I think this one is obvious actually! There's no choice but to aggregate it at the level of the `xx` `SELECT`, no other level has access to the `x` column.
I agree, I think the original sin here is the fact that whether a `SELECT` is an aggregation is determined by the contents of the scalar expressions at all. I think most of this weirdness comes directly out of wanting to be able to write both `SELECT sum(x) FROM xx` and `SELECT x FROM xx` and have them work.
Not that I have a better solution offhand, in SQL grouping by a constant value is not actually the same as not writing `GROUP BY` at all since the behaviour on empty tables is different.

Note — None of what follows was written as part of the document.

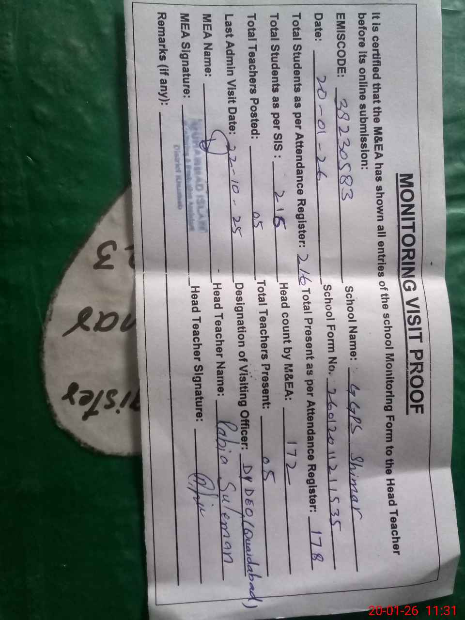 | Remarks (Use Separate Page if Required): Dy DEO visited school on 22 October 2025 students strength on sis 264 | |||||

What's an aggregation per se? A SQL query is best thought of an arbitrary generator function. You can, using functions like UNNEST, end up emitting multiple row-tuples for each processed input row-tuple. An aggregation is just a generator function that happens to reduce over all the input rows and then emit one row-tuple when there's no more input. Query-planning engines do not special-case this. It's just a generator node like any other generator node.
Consider: using window functions, you can do partial aggregations over subsets of the input — without even necessarily partitioning the input (i.e. you can compute "running totals" and other wacky state-machine-like outputs.)
Not writing `group by` is the same as writing `group by ()`.
And yeah, the difference between that and a value is one of those really surprising things on SQL that actually make sense and should be this way. Unfortunately, there are many of those.